• ACTION ITEM: Take the material below and output exactly the run of lines from the one containing "内容:福富中学生は「関係人口" down to the one containing "I sat in on", with both included.

• PROVIDED MATERIAL:
- - - - - - -

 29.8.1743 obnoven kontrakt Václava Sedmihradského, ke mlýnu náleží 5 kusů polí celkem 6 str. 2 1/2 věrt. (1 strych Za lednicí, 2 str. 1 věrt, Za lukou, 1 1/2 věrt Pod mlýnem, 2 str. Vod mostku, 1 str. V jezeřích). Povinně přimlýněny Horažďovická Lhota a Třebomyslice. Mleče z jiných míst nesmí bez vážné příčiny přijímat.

- - - - - - -

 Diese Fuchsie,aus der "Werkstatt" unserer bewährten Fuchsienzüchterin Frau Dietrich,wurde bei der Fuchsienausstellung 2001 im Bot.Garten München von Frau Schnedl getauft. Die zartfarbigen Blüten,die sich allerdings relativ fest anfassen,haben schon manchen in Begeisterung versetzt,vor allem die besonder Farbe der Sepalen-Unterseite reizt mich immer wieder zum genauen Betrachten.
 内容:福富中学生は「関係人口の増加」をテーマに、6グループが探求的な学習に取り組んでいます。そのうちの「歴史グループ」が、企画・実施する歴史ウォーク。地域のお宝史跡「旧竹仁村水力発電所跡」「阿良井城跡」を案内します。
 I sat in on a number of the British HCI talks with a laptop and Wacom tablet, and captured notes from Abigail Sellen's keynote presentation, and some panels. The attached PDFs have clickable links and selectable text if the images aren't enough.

- - - - - - -

• RESPONSE TO THE EXERCISE:
 内容:福富中学生は「関係人口の増加」をテーマに、6グループが探求的な学習に取り組んでいます。そのうちの「歴史グループ」が、企画・実施する歴史ウォーク。地域のお宝史跡「旧竹仁村水力発電所跡」「阿良井城跡」を案内します。
 I sat in on a number of the British HCI talks with a laptop and Wacom tablet, and captured notes from Abigail Sellen's keynote presentation, and some panels. The attached PDFs have clickable links and selectable text if the images aren't enough.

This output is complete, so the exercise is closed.